4 minute read

Bet You Missed It

Carefully selected by Your Crack staff of news sleuths

Column Editor: Bruce Strauch (The Citadel, Emeritus) <bruce.strauch@gmail.com>

Coffee Table Books … or not?

Some claim coffee table books are still relevant, mostly designers and those who sell them. They argue the books are a legitimate way to project the owner’s intellectual passions.

The contrarians says they’re just something to collect dust and other objects including spilled food. While they ought to be regarded as significant repositories of knowledge, mostly they’re used by Instagram influencers as background props.

See: Ruby King, “Are Coffee Table Books Still a Relevant Way to Decorate Your Home?” The Wall Street Journal, Oct. 9-10, 2021, p.D8.

The Zen of Encyclopedia Management

Jimmy Wales went to a one-room schoolhouse outside Huntsville, AL. No, he’s not that old. Wales was a co-founder of Wikipedia. His mother ran House of Learning which was an experimental school with four kids in each grade. They all mingled and taught each other.

Back before that, at age 3, his mom bought a children’s World Book Encyclopedia from a traveling salesman. He began reading early and a lifelong habit of dabbling in whatever interested him at the moment. Later, it was college, a Ph.D., and futures trading in Chicago. He envisioned Wikipedia as something where he could dabble forever.

His childhood encyclopedia set has disappeared. Mom says they sold it; Dad says it’s in a shed. Of course his kids use iPads.

See: “House Calls: Educated in a One-Room Schoolhouse,” The Wall Street Journal, Dec. 8, 2021, p.M8.

newspaper = Value of real Estate

If America’s press didn’t have enough survival problems, it is being aggressively bought by vulture capital firms mostly based on the sale value of the real estate.
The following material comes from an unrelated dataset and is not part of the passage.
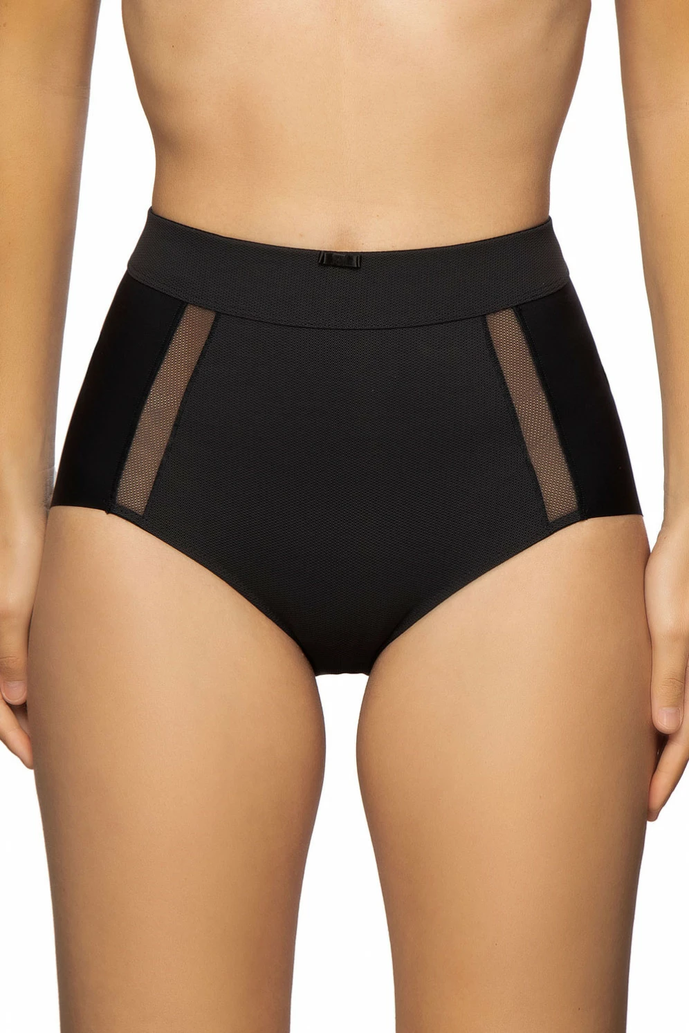 Die Taillenpanty vereint zwei wunderbare moderne Materialqualitäten. Die weite vordere Passe besteht aus unterlegtem weichem Mesh und wird flankiert von Streifen einlagigen Tülls. Daran grenzt bereits die nahtfreie Rückenpartie aus softer Mikrofaser mit Cleancutrand. Der Bund ist angesetzt, vorn etwas verbreitert und mit einem süßen Schleifchen geschmückt. Dank des enorm hohen Elasthananteils sitzt das Höschen einwandfrei – wie eine zweite Haut.
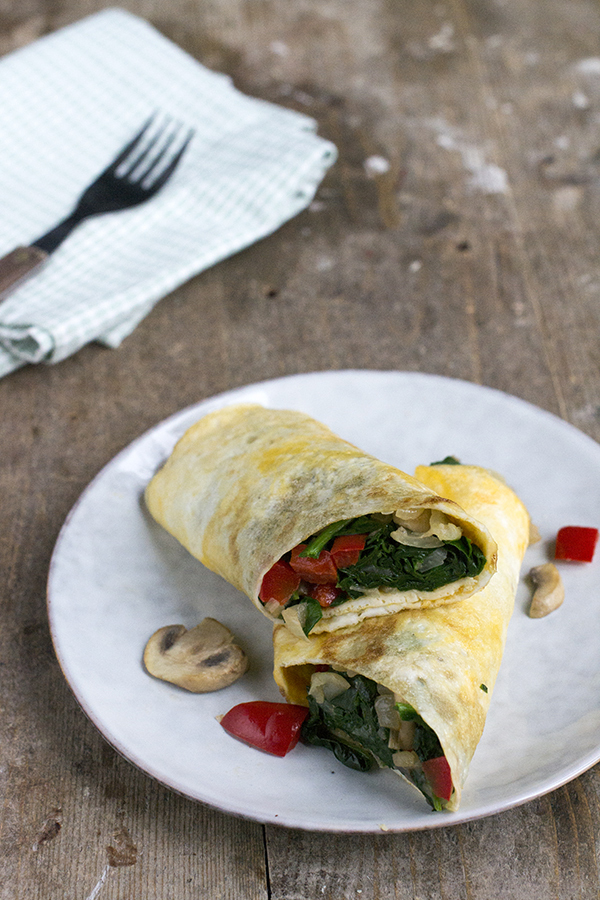 Vandaag deel ik een licht gerecht zonder koolhydraten. Al zou ik er voor de grote eters wel wat aardappeltjes of dergelijke bij serveren. Regelmatig eten wij gewokte spinazie, ik ben er dol op. Dit kan ik serieus iedere week wel eten. Vaak eten we het met gebakken aardappeltjes maar deze keer wilde ik er eens iets anders mee doen. Ei en spinazie zijn altijd goed samen en daarom rolde ik mijn mengsel met gewokte spinazie in een omelet.

The mighty Chicago Tribune Building is sold and the paper now produced on an industrial estate in a space the size of a Chipotle.

The buyers gut the staff, raise subscription prices and run the remnant until it dies.

What I think the article is missing is the Boomers are the last to read print. The natural life of most newspapers is the length of Boomer longevity.

See: McKay Coppins, “The Men Who Are Killing America’s Newspapers,” The Atlantic, Nov. 2021, p.33.

The Cocktail geek

You’re a Yalie with graduation looming and suddenly are stricken with the terror you don’t know how to drink like an adult. A decade ago, the Elis turned to classmate Brian Hoefling to host a seminar which then led to The Cocktail Seminars (Abbeville, 376 pages, $24.95).

Boola-boola.

See: Eric Felten, “Here’s to Growing Up,” The Wall Street Journal, Dec. 18-19, 2021, p.C12.

Obits of note

Gary Paulsen (1939-2021) YA reader’s Hemingway won Newberry honors with Dogsong (1985) and Hatchet (1987), tales of an Inuit in the tundra with a dogsled and a plane crash survivor in the Canadian wilderness.

A child of violent alcoholics, he would escape into the woods of northern Minnesota. One day, he went into a library to get warm and was given a library card, a notebook and pencil by a librarian. Was told to read everything and write down your thoughts. It was a life-saver.

He served in the army, wrote Westerns, lived off the grid, competed three times in the Iditarod. He considered humanity a mess and young adults the only hope. “Name the book that made the biggest impression on you. I bet you read it before you hit puberty.”

See: “The young-adult author who told wild tales of survival,” The Week, Oct. 21, 2021, p.35.

Robert Bly (1926-2021) went to Harvard determined to devote his life to poetry. He founded an avante-garde literary magazine The Fifties and got a reputation as a poet with fiery anti-war poems in The Light Around the Body (1967). But it was Iron John: A Book About Men (1990) that became a best-seller and made him a cultural phenomenon. He felt men had lost initiation and guidance into manhood because of absent fathers. He drew on Jungian philosophy, myths and religions. This led to weekend retreats where — yes, there was beating on drums.

See: “The anti-war poet who launched a men’s movement,” The Week, Dec. 10, 2021, p.39.

Editor of Professional Tastes

At the age of 4, Robert Gottlieb became an obsessed, crazed reader. His parents made him stand outside their building for an hour each day so he would do something else.

Gottlieb became the legendary editor of Simon and Schuster and then Alfred A. Knopf. In his mid-20s he labored with Joseph Heller over Catch-22 and published The Chosen after persuading Chaim Potok to cut 300 pages. He convinced Toni Morrison to quit her day job. John Le Carré and Michael Crichton all sang his praises.

He reads submissions and answers the author right away, saying it’s “cruelty to animals to keep them waiting.”

See: Emily Bobrow, “Robert Gottlieb: A ‘crazed reader’ who became a legendary editor,” The Wall Street Journal, Dec. 4-5, 2021, p.C6.